Whether my mission or her labors were ever successful I never learned, but I do know that then I reached home and told where it had been, I received the severest correction short of a thrashing I had ever had, from my aristocratic great aunt for communing with a “servant.” It was very shocking to her when she saw how quickly I had blossomed into so democratic a flower.
Dear, high-minded old aunt! If she had but recalled history then, or was alive now to know as much as we do about the inside springs that move great men, she would have realized that “servants” had before controlled, did then, and no doubt would thereafter wield no small influence in shaping the policies of those whom they serve — all the way between presented a good or bad dinner, guarding secrets well, and the other extreme, allowing themselves to be courted by newspaper correspondents or other — spies. But that is not a narrative, and ought, if printed at all, to be placed in parentheses, and it would have been, if I had not been advised by very respectable authority to entirely discard the use of them in the kind of writing described in my title-page.
I visited the camps and fortifications on both sides of the river. I was very much interested in the organization of the Sixth (or Fifth) United States Cavalry. The regiment was encamped on the great plain east of the capitol and not far from the Congressional burying ground. General Hunter was the Colonel and General Emory was the Lieutenant Colonel. As a matter of fact, there were few officers of the regiment between generals and second lieutenants. I had very lively times as I scampered over the plain with the regiment, engaged as it was in “breaking in” both men and horses.

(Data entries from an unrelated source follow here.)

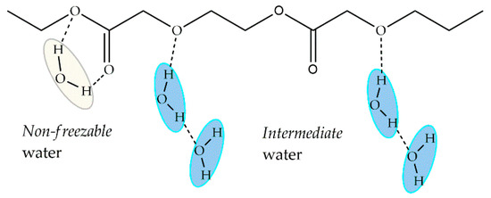 In particular, on hydrated polymers, different water “types” or “states” have been observed. These can be classified depending on the mobility of the water sorbed to the polymeric surface or its freezing temperature. Generally, there are three states of water, one with very low mobility and no freezing (even at −100 °C); one with slightly higher mobility and freezing temperature below 0 °C; and one with similar mobility and freezing temperature as bulk water. Further details about their characteristics and multiple denominations are given in the next section.
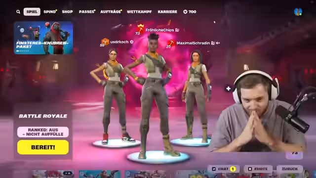 00:01:15Der Stream beginnt mit technischen Anpassungen und Umbenennungen. Trymacs plant, um 14 Uhr mit Schradin im Random Squads-Modus zu zocken, nachdem er zunächst alleine spielt. Er erwähnt, dass er viel Gameplay-Material aufnimmt und hochlädt, darunter beeindruckende Solo-Erfolge in der Fortnite Global Top 200. Trymacs äußert sich humorvoll über seine Zuschauer und deren Tagesabläufe, wobei er sich vor allem an die Mittagspause richtet.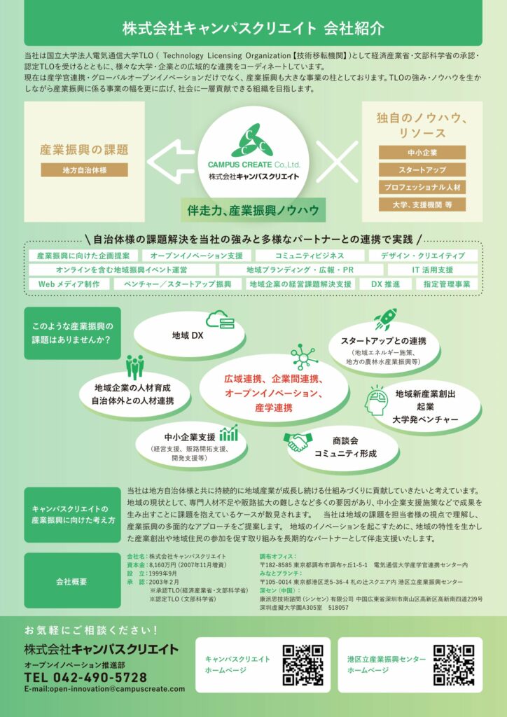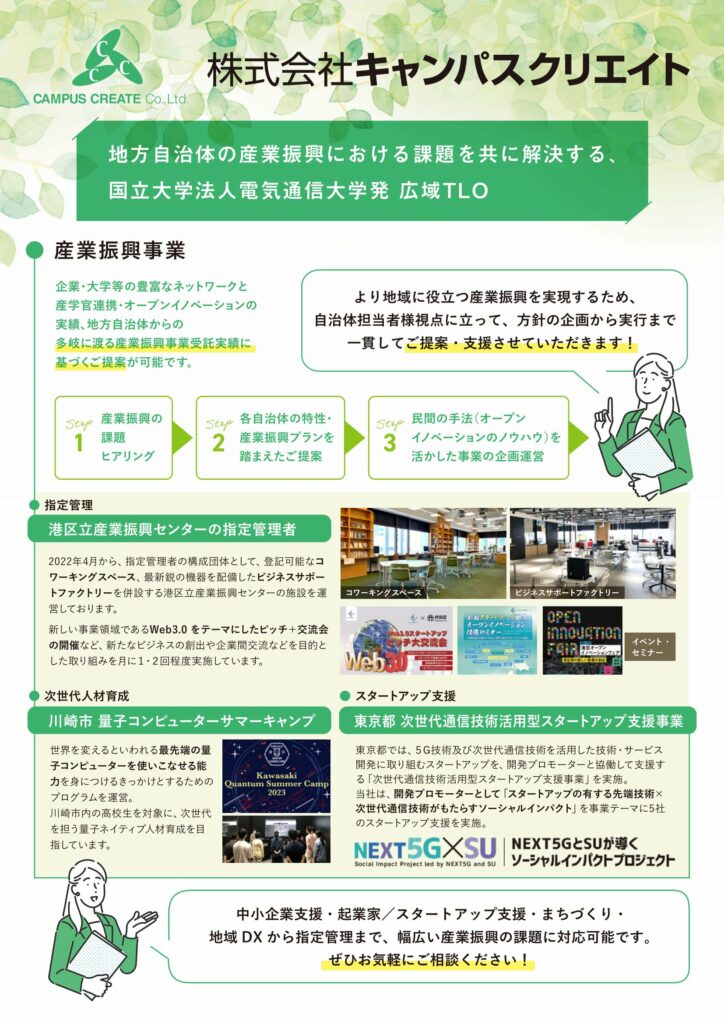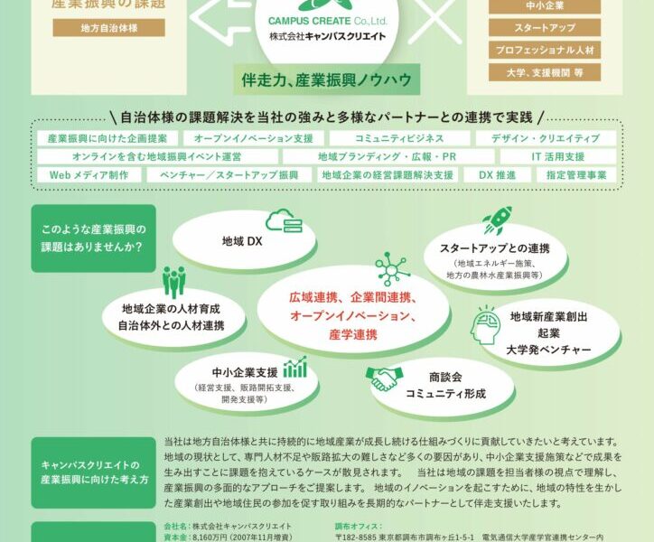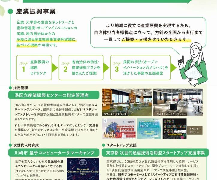 中小企業支援、起業家・スタートアップ支援、地域企業の人材育成から指定管理まで、幅広い産業振興の課題に対応可能です。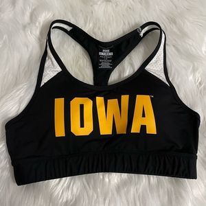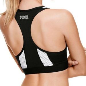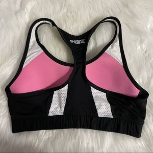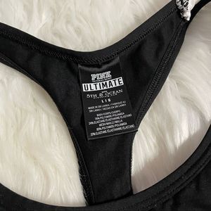 Stylish sports bra with bold orange lettering. Comfortable fit. Perfect for active wear.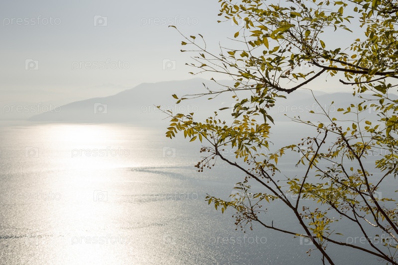 Ветви дерева на фоне Средиземного моря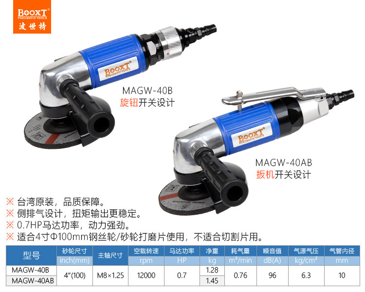 東莞市強(qiáng)勁五金工具有限公司提供臺(tái)灣BOOXT波世特品牌氣動(dòng)工具,日系氣動(dòng)角磨機(jī)MAGW-40B廠家直銷,首件享特價(jià)。咨詢熱線:4008301980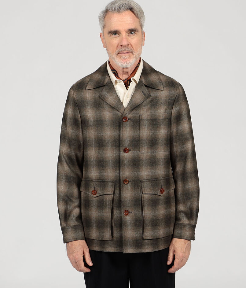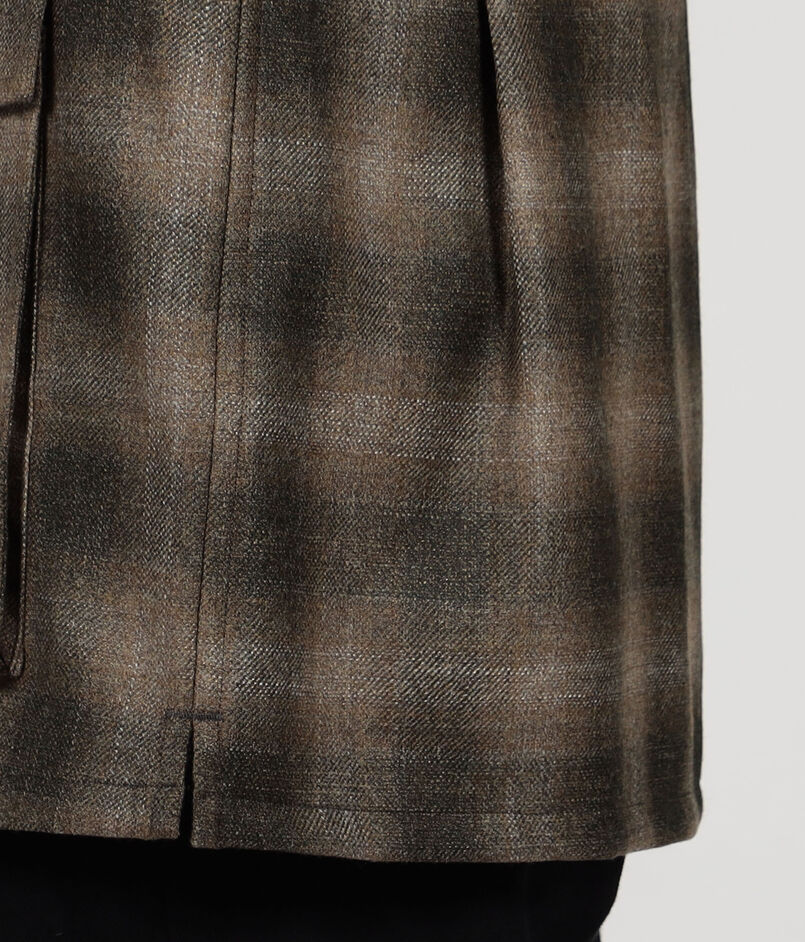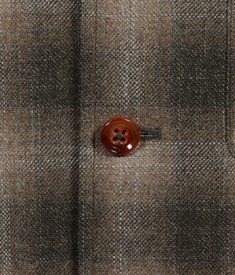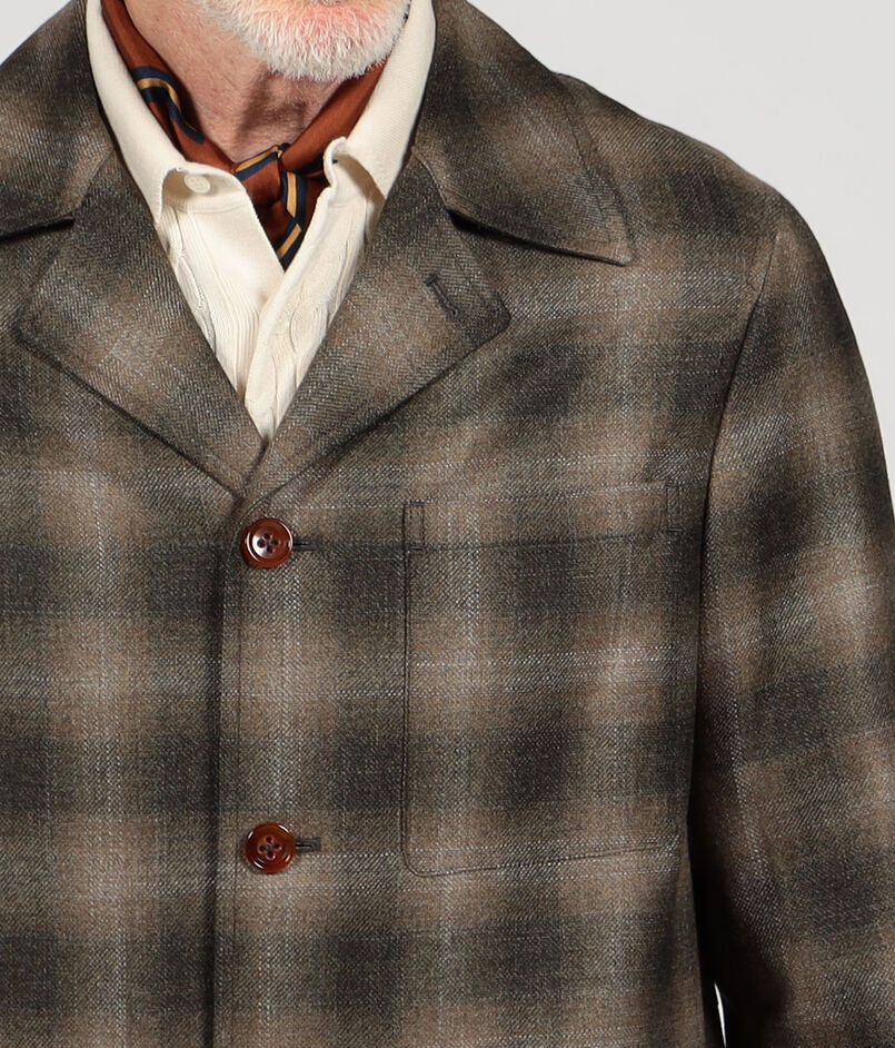 上質なウールにシルクとカシミヤをミックスしたラグジュアリーな素材に、アメリカンな印象のオンブレーチェックをのせたミックステイストが魅力なファブリックです。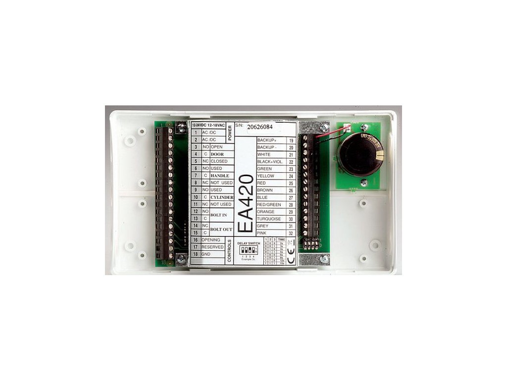 - zámek je propojen s externí ústřednou EA420, která je součástí dodávky. Pomocí ústředny lze nastavit dobu odemčení zámku (2-15s), ústředna obsahuje svorky pro připojení monitorovacích kontaktů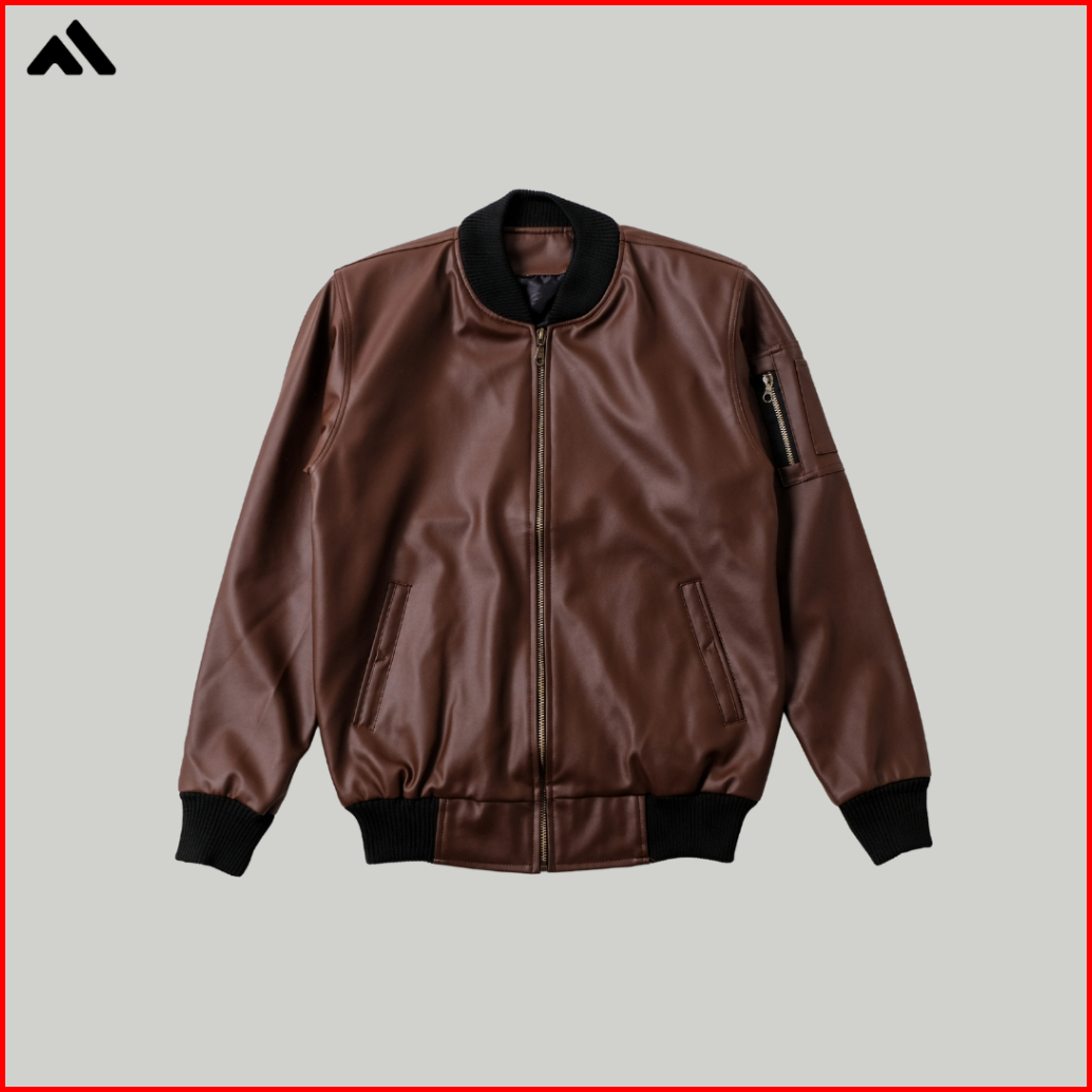Jaket Kulit Pria Model Bomber Pria Coklat Polos Brand Manta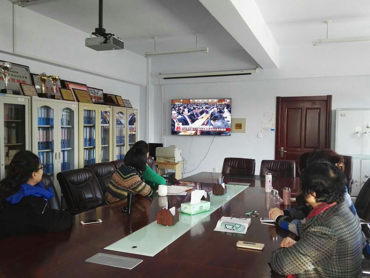 10月18日上午,beat365中国官网教职工在办公楼会议室集体观看中国共产党第十九次全国代表大会开幕式直播,学习习近平总书记讲话。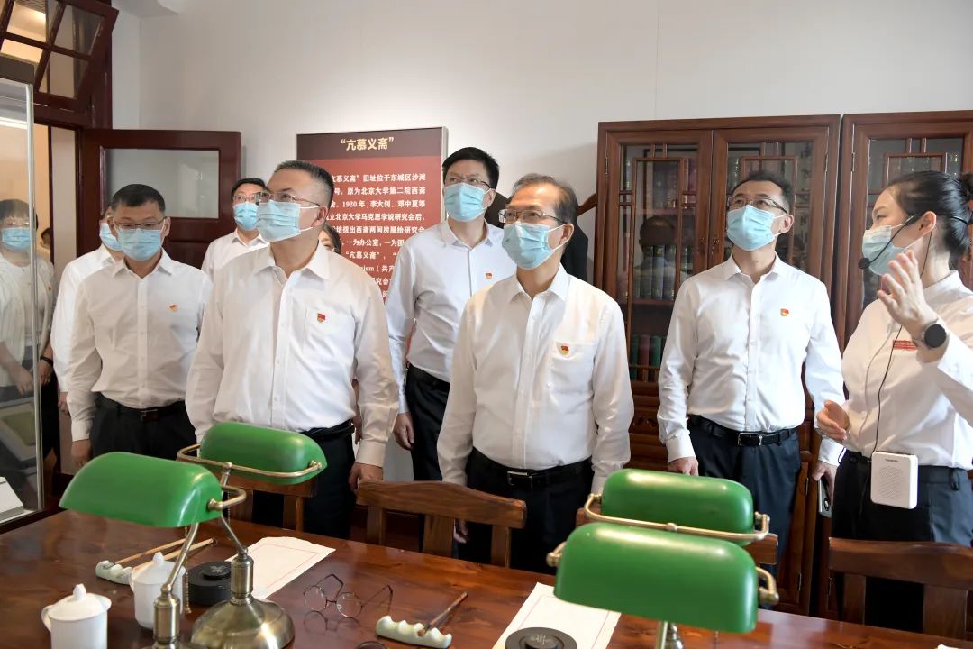 在北大紅樓,江毅帶領(lǐng)黨組理論學(xué)習(xí)中心組成員重溫了入黨誓詞,集體參觀了“光輝偉業(yè) 紅色序章——北大紅樓與中國共產(chǎn)黨早期北京革命活動(dòng)主題展”,通過一件件革命文物回顧了李大釗、陳獨(dú)秀等革命先驅(qū)推動(dòng)馬克思主義在中國早期傳播、醞釀和籌建中國共產(chǎn)黨的珍貴歷史。

After half a dozen lucky falls and a score of other mishaps, I became quite expert as a rider, and I do not know but that I might have been a sub-altern in the regiment had I not been dissuaded from making an application by the highest domestic authority, who declared that in all her experience of sixty to eighty years, “none but scapegraces ever went into the army.” That was equal to a lawful veto, and bad as I was, I determined, although two generations removed, and a recent importation of the blood at that, not to voluntarily make of myself the traditional scapegrace of the family. Like arguments caused me to desist a short time after, when at Camp Carroll, just outside of Baltimore, I was found dressed in a blouse, wearing a jaunty cap, and drilling a squad of men of the Fifth Maryland Volunteers, over whom I hourly expected to be placed in command.